Interpretation is inadequate and not justified formally by appropriate statistic tests or economic theories. E.g. in the interpretation of “significance” of the model (3), coefficients of ROOMNO (5.4) and DAUD (-2.2) without any explanation that can mathematically results to the conclusion of a better model. In addition, the conclusions of R2 and ROOMNO are not supported by any statistics.

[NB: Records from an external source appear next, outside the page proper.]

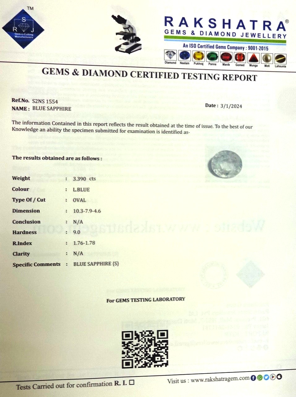 | SPECIFIC COMMENTS: | BLUE SAPPHIRE { S } |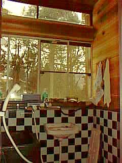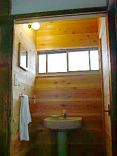 ↑自慢のトイレと洗面所。檜の床と地元新潟杉の壁。家を購入後、すぐに直した。トイレの掃き出し口窓はレトロな感じがいいかなと思って、わざと残したのだが、やっぱり余計だったかもしれない。冬はここから冷気が入り込む。一度、便器の内側に入っている水が凍結し(サイホン式水洗便器は横の部分に薄い水溜スペースが隠れている)、割れてしまった。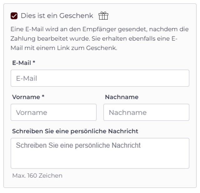 Im Kaufprozess setzt du den Haken bei „Das ist ein Geschenk“ und trägst die E-Mail-Adresse des Beschenkten ein.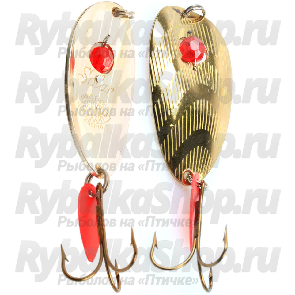 Блесна Puustjarven SOLAR имеет достаточно интересную форму, при небольшой длине оно достаточно широкое, что делает игру приманки более размашистой и позволяет во время проводки использовать продолжительные паузы. Тело приманки не только окрашено, но и ребристое, крючки оснащаются красным хвостиком.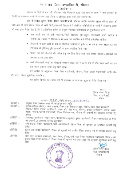 सीवान जिले में लगातार बढ़ रही शीतलहर और सुबह–शाम अत्यधिक ठंड को देखते हुए जिला प्रशासन ने बड़ा फैसला लिया है। जिला दंडाधिकारी विवेक रंजन मैत्रेय ने भारतीय नागरिक सुरक्षा संहिता, 2023 की धारा 163 के तहत आदेश जारी करते हुए जिले के सभी सरकारी और निजी विद्यालयों में शैक्षणिक गतिविधियों को आंशिक रूप से प्रतिबंधित कर दिया है।

Another shortcoming of the interpretation is that meanings of those given statistics are not interpreted, i.e. relationships between variables are not expressed in words, that may cause difficulties in understanding for many readers. It is easy to eliminate that problem by adding some simple statements of the relationship, e.g. on average, for an additional unit of rooms a household has, its electricity expenditure increases by 71.4 units (this is for model (3)).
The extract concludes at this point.